Little Shark: Finger Puppet Book by ImageBooks
My rating: 4/5 cats
this is one of those finger puppet books where you pretend your fingie is a creature having adventures throughout the book, like little penis.
as a fun and formative finger puppet experience for kids, this is probably excellent.
as literature, it is somewhat lacking. not only does it seem to have taken its lessons in rhyme scheme from lang leav:
but this 116-word* book is studded with misinformation and demonstrates either a lack of responsibility or some willful self-deception on the shark’s part.

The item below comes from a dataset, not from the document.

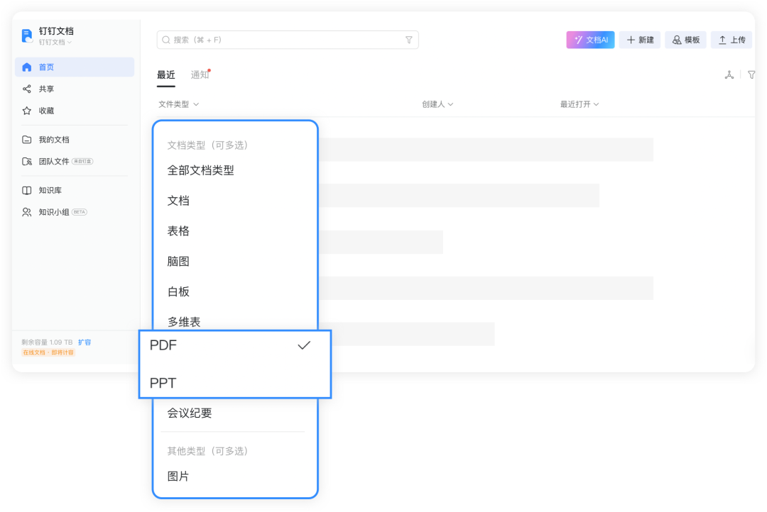 查找文件时文件类型支持按照 PDF、PPT 为条件进行快速定位,查找类型更丰富,效率翻倍。

basically, this is about a lonely shark who wants a friend, but every time he approaches a fish, they swim away. this is the phrasing used:
All Little Shark wants
are a few nice friends,
but when they come near,
he always offends.
now, this makes it sound like he’s making racist jokes, to which fish are particularly sensitive, when in fact, it is much more likely that the offense comes when he TRIES TO EAT THEIR BODIES.
it is interesting to note that in this scenario, the fish approach him before he causes them to “flee,” but i don’t know that the journalism in this book can be trusted, considering that it later references a starfish as being “one of a kind,” which makes no biological sense, and insinuates that starfish are bioluminescent, which is true of very few of them, giving this book the dubious honor of being awarded “laziest research ever” in the finger puppet book category.
i do not think the discovery channel will ever include this on their list of must-read shark books, but there are worse places you could stick your finger this week, so i’ll round it up to four stars cats.
* or 118, depending on your take on “hide-and-seek.”